■ **GIVEN DATA**:

------

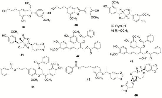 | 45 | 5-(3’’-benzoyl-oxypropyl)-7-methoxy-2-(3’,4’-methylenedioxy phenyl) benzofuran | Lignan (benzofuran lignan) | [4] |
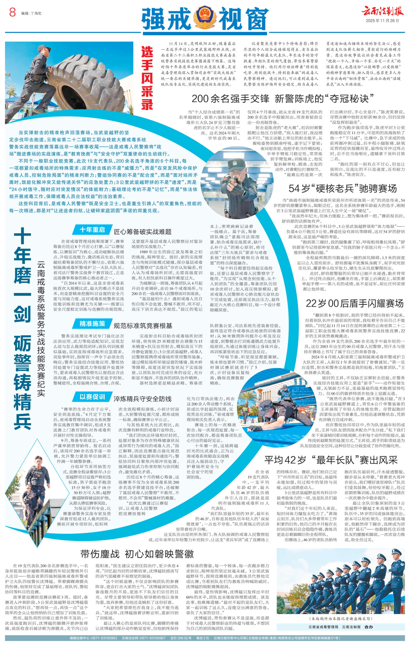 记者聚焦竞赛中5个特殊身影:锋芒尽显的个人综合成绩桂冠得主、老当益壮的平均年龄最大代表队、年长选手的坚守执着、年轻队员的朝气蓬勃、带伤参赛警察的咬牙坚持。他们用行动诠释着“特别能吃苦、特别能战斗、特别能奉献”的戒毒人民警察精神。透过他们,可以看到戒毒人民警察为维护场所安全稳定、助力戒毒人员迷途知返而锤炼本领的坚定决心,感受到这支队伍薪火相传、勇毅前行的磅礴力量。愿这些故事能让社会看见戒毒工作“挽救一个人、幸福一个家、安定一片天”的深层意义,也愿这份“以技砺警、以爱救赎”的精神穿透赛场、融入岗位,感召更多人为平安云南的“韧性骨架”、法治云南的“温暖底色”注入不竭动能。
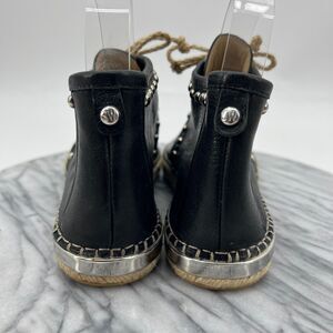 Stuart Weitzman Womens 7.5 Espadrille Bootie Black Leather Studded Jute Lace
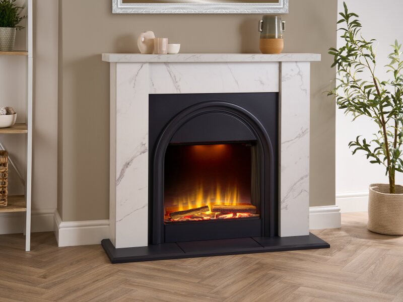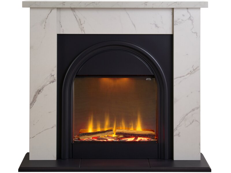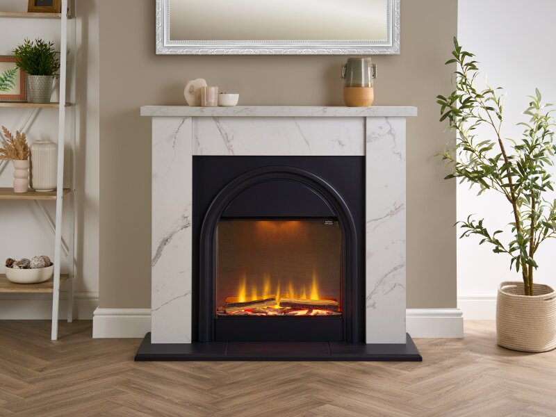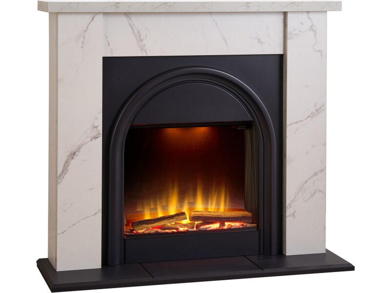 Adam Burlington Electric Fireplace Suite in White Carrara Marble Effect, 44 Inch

------

■ **EXERCISE INSTRUCTIONS**: Reproduce the material word for word, pictures excluded.

■ **ANSWER SECTION**:
 | 45 | 5-(3’’-benzoyl-oxypropyl)-7-methoxy-2-(3’,4’-methylenedioxy phenyl) benzofuran | Lignan (benzofuran lignan) | [4] |
 记者聚焦竞赛中5个特殊身影:锋芒尽显的个人综合成绩桂冠得主、老当益壮的平均年龄最大代表队、年长选手的坚守执着、年轻队员的朝气蓬勃、带伤参赛警察的咬牙坚持。他们用行动诠释着“特别能吃苦、特别能战斗、特别能奉献”的戒毒人民警察精神。透过他们,可以看到戒毒人民警察为维护场所安全稳定、助力戒毒人员迷途知返而锤炼本领的坚定决心,感受到这支队伍薪火相传、勇毅前行的磅礴力量。愿这些故事能让社会看见戒毒工作“挽救一个人、幸福一个家、安定一片天”的深层意义,也愿这份“以技砺警、以爱救赎”的精神穿透赛场、融入岗位,感召更多人为平安云南的“韧性骨架”、法治云南的“温暖底色”注入不竭动能。
 Stuart Weitzman Womens 7.5 Espadrille Bootie Black Leather Studded Jute Lace
 Adam Burlington Electric Fireplace Suite in White Carrara Marble Effect, 44 Inch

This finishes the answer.